Assuming the buildings are available, there will be High Holy Day services in New Orleans this year.

The announcement was made tonight at a community meeting of the Jewish Federation of Baton Rouge, which included members of the New Orleans Jewish community who are now in the area. Eric Stillman, executive director of the Jewish Federation of Greater New Orleans, was among the speakers. The evening was originally planned to be the Baton Rouge Federation's 36th anniversary event.

Rabbi Robert Loewy of Gates of Prayer said that there are plans for Rabbi Andrew Busch to lead Rosh Hashanah morning services at historic Touro Synagogue, and then Loewy will conduct Yom Kippur morning and afternoon services at Gates of Prayer.

Saundra Levy, executive director of the New Orleans Jewish Endowment Foundation, said other New Orleans rabbis would be performing services elsewhere. Rabbi Theodore Lichtenfeld of Shir Chadash will lead services in Houston, while Rabbi Ed Paul Cohn of Temple Sinai will lead services at Congregation B'nai Israel in Baton Rouge while their rabbi, Barry Weinstein, is on leave.

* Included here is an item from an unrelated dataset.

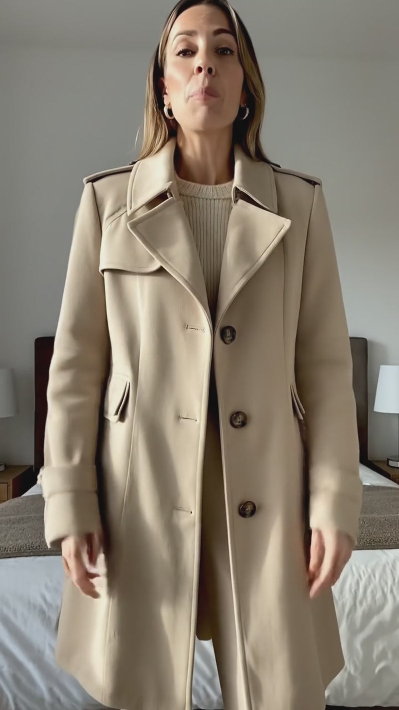 El abrigo presenta solapas amplias, hombros con ligero volumen y un corte entallado que acentúa la cintura, creando una silueta estilizada y femenina. Sus botones frontales de acabado tipo carey añaden un toque distintivo y elegante, mientras que los puños con correas ajustables refuerzan su estética clásica y funcional.

It was also announced that Rabbi Martha Bergadine, executive director of the Baton Rouge Federation, will go from part-time to full-time due to the complexity of the storm response.

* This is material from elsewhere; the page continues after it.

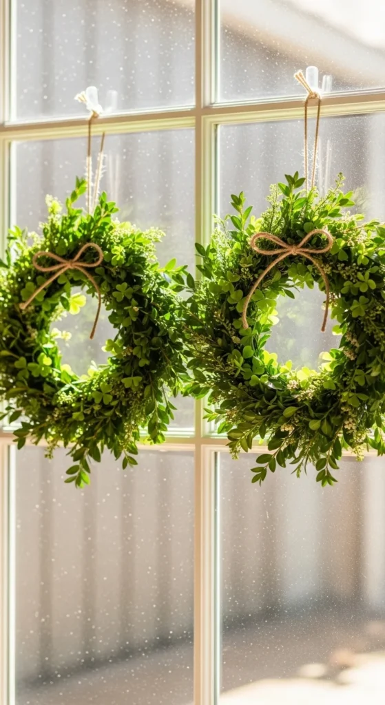 These matching wreaths bring balance and charm to window spaces, offering a fresh, airy feel.

Carol Smokler of Boca Raton, Fla., who chairs the United Jewish Communities' emergency committee, presented a check for the first third of a $1 million grant to the Baton Rouge community to help fund local relief efforts.

Stillman will hold another community meeting in Atlanta on Sept. 26, at the Marcus Jewish Community Center at 7 p.m., for New Orleans residents in that area. Additional meetings will be held in Memphis and Dallas.

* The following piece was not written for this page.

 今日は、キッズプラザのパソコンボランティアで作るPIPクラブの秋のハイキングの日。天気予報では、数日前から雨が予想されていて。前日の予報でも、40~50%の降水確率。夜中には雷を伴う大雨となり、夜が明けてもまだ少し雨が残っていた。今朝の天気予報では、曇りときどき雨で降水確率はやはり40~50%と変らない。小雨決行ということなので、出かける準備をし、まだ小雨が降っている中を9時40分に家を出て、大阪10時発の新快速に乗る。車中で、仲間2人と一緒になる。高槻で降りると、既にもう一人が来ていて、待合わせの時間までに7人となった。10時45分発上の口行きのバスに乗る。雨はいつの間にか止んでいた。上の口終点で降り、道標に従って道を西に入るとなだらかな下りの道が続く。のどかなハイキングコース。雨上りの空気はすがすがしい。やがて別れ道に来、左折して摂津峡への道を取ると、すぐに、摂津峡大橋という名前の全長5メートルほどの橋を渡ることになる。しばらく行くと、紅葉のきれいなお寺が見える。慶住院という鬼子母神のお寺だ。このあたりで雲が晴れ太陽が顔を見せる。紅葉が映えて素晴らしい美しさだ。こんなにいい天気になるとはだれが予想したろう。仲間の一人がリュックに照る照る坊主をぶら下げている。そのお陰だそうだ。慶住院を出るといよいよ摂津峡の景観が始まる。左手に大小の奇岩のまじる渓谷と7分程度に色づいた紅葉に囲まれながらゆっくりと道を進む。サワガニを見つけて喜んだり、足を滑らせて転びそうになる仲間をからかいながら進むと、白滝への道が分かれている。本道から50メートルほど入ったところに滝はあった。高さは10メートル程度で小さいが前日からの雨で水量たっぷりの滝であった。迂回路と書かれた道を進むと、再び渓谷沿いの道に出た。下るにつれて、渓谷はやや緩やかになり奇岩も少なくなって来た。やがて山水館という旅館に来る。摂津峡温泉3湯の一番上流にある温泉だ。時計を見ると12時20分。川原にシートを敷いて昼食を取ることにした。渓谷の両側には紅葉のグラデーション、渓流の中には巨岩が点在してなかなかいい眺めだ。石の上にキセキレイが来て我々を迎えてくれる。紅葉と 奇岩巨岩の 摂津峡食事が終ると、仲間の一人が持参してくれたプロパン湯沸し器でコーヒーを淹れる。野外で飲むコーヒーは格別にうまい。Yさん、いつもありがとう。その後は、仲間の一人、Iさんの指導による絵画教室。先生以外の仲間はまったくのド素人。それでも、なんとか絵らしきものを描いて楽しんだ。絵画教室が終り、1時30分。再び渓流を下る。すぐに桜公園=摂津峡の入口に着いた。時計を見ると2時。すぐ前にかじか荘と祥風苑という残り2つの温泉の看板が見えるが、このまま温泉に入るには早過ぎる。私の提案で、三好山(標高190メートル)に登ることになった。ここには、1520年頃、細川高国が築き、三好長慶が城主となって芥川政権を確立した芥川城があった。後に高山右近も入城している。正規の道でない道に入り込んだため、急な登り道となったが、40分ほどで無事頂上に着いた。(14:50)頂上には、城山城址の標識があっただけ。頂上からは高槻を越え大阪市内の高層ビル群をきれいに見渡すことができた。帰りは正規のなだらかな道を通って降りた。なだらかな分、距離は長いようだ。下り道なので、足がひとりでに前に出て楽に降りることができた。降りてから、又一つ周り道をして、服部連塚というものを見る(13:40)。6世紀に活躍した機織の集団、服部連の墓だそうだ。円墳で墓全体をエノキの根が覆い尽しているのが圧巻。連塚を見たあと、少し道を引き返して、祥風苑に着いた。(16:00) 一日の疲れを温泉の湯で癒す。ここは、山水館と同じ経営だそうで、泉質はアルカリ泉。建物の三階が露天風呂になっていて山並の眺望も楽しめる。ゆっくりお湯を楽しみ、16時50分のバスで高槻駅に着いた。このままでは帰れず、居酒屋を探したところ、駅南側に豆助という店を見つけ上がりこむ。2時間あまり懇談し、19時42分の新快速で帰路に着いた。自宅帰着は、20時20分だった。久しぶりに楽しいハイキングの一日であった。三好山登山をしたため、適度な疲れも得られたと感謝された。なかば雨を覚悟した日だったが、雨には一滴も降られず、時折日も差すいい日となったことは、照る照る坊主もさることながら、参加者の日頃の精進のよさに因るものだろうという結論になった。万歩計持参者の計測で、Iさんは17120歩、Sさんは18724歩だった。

Catholic diocese lends hand in Biloxi

Beth Israel in Biloxi will have High Holy Day services in a facility provided by the local Catholic Church. A rabbi and cantor are being provided free of charge by the United Synagogue of Conservative Judaism's Southeast region.

At last count, 13 members of the small congregation lost their homes in the hurricane. The building still stands, but the congregation is awaiting a structural analysis before deciding what to do next.